In order to assess the reliability of the value predicted by the empirical statistical model, an actual experiment was carried out based on the coating condition: viscosity of 1100 mPa·s, withdrawal rate of 20 mm/s, spin speed of 100 rpm, and immersion time of 10 s. Using (5), the predicted thickness is 6.12 μm. The experimental thickness is 6.24 μm. The result shows that the modeling approach presented in this study can accurately predict the coating thickness.

4. Conclusion

This study analyzed the effects of the coating parameters, namely, viscosity, withdrawal rate, spin speed, and immersion time, on the coating thickness by using a 24 factorial design with a center point. The external surface of the hollow tube with the outer diameter of 450 μm was successfully coated with colloidal PTFE dispersion by using the dip-spin coating equipment. The tube end was clear of polymer blobs and the size of the original inner tube diameter, 260 μm, was still maintained. The statistical model is expressed with only significant terms using significance level of less than 0.05. The significant interaction effects on the coating thickness included three-way interactions of withdrawal rate, spin speed, and immersion time and two-way interactions of viscosity and withdrawal rate, viscosity and spin speed, and viscosity and immersion time. The statistical model accuracy is verified by comparing the predicted values with the experimental results.
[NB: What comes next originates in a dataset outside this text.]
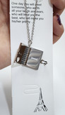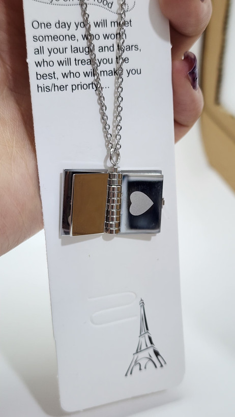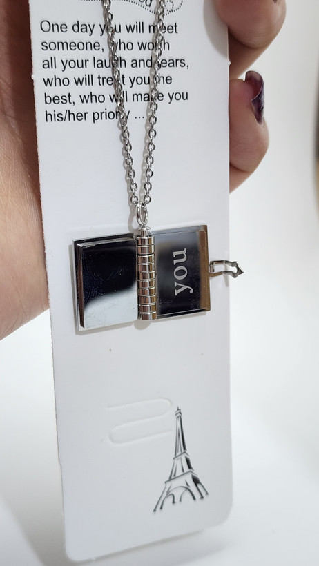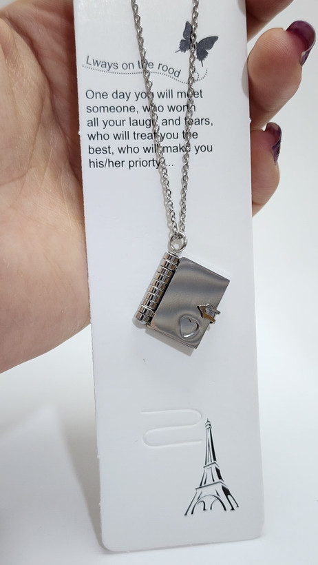 - طراحی: به شکل یک کتابچه مینیاتوری طراحی شده که به صورت افقی باز میشود و سه ورق دارد. این طراحی خلاقانه، حس نوستالژیک و رمانتیکی به گردنبند میبخشد.
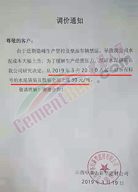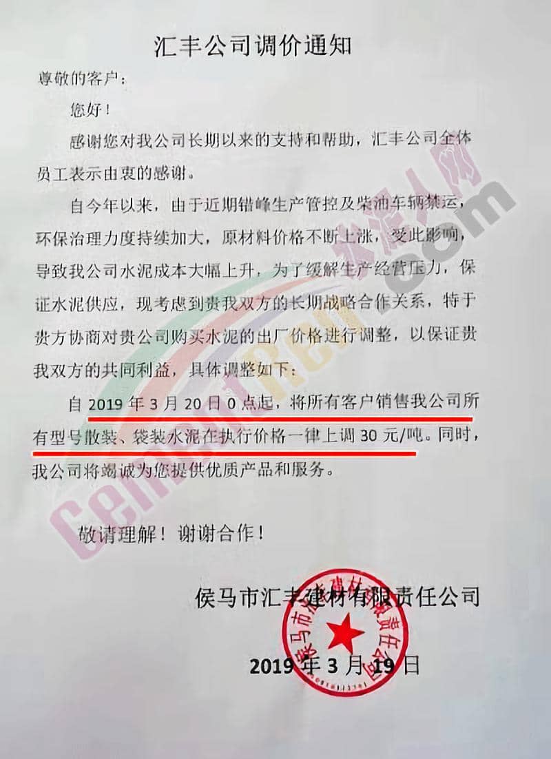 侯馬市匯豐建材有限責任公司調價通知稱自今年以來,由于近期錯峰生產管控及柴油車輛禁運,環保治理力度持續加大,原材料價格不斷上漲,受此影響導致公司水泥成本上升,為了緩解生產經營壓力,保證水泥供應。定于3月20日零點起上調所有型號散裝、袋裝水泥價格,上幅幅度為30元/噸。

The predicted values are fitted with the experimental results. Cube plot analysis indicates higher coating thickness with increased viscosity, higher withdrawal rate, increased immersion time, and decreased spin speed. Verification experiment shows that the statistical model developed can be used for PTFE coating thickness.

Conflicts of Interest

The authors declare that they have no conflicts of interest.

Acknowledgments

The authors gratefully acknowledge the financial support of this work provided by the National Research Council of Thailand (NRCT) and Thailand’s Health Systems Research Institute (HSRI).